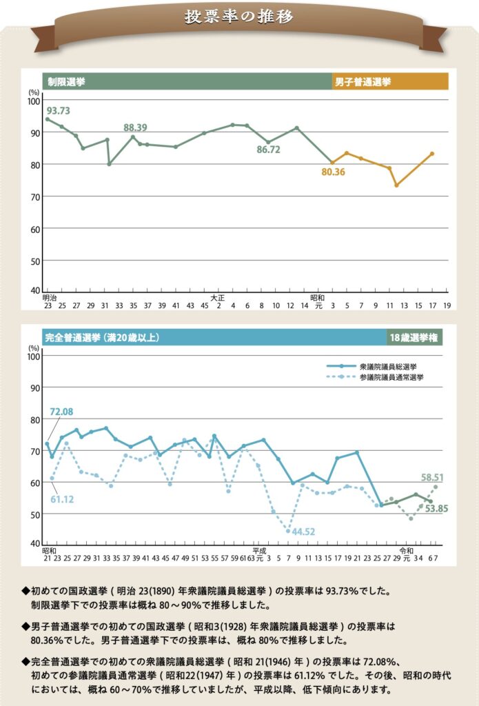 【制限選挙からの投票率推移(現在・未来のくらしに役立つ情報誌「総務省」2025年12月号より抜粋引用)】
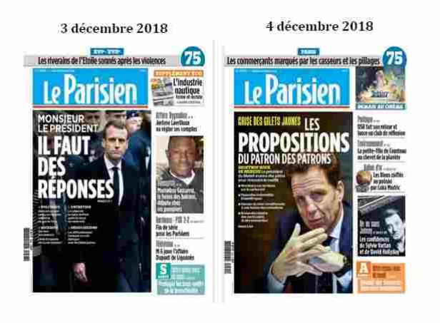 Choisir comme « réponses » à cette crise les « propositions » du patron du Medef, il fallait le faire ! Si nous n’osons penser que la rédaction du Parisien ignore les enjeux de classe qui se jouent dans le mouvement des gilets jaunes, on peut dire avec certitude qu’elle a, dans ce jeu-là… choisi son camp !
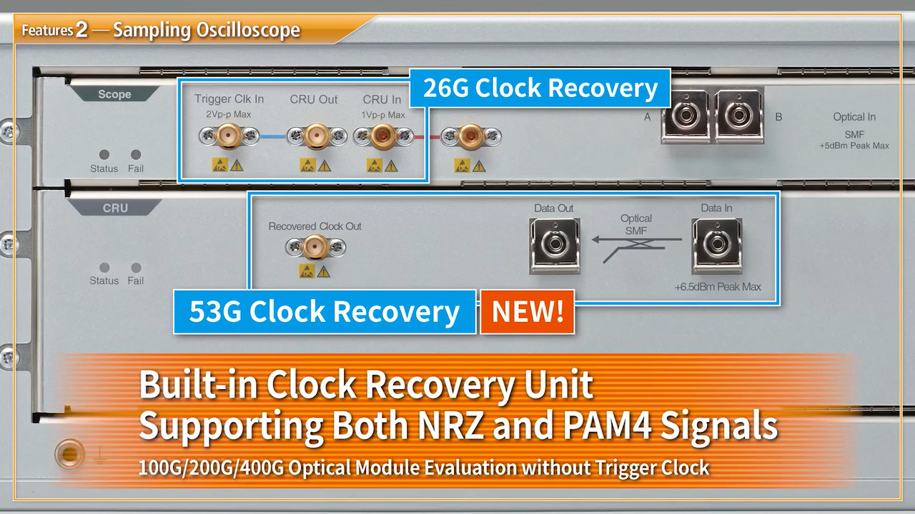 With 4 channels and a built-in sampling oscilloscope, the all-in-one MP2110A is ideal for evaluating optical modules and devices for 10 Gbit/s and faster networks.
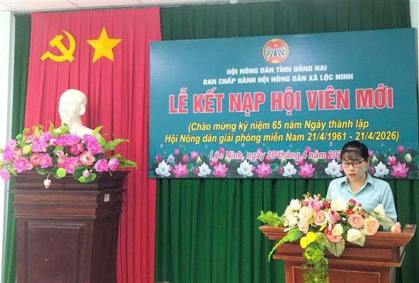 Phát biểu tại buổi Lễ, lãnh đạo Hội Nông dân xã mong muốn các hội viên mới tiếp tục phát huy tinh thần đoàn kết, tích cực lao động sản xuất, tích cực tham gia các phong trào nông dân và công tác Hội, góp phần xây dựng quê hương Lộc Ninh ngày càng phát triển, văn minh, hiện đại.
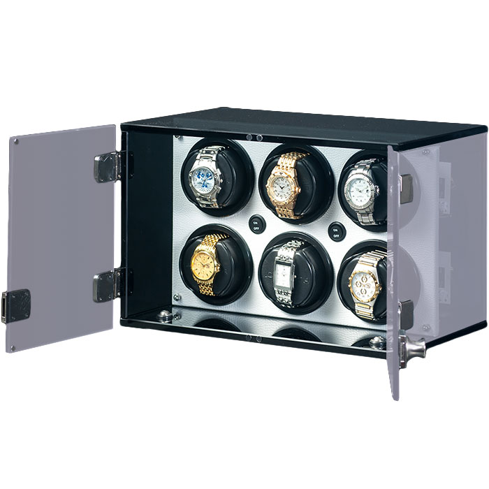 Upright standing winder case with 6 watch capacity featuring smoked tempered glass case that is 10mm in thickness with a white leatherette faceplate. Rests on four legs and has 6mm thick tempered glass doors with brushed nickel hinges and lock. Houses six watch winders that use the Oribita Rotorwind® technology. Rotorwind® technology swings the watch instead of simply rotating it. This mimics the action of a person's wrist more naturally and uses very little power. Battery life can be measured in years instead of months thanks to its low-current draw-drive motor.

#####

How to complete this task →
Every line above between the one containing "choisi son camp !" and the one containing "Phát biểu tại", those two included, is to be printed exactly. No pictures go into the copy.

Task response →
 Choisir comme « réponses » à cette crise les « propositions » du patron du Medef, il fallait le faire ! Si nous n’osons penser que la rédaction du Parisien ignore les enjeux de classe qui se jouent dans le mouvement des gilets jaunes, on peut dire avec certitude qu’elle a, dans ce jeu-là… choisi son camp !
 With 4 channels and a built-in sampling oscilloscope, the all-in-one MP2110A is ideal for evaluating optical modules and devices for 10 Gbit/s and faster networks.
 Phát biểu tại buổi Lễ, lãnh đạo Hội Nông dân xã mong muốn các hội viên mới tiếp tục phát huy tinh thần đoàn kết, tích cực lao động sản xuất, tích cực tham gia các phong trào nông dân và công tác Hội, góp phần xây dựng quê hương Lộc Ninh ngày càng phát triển, văn minh, hiện đại.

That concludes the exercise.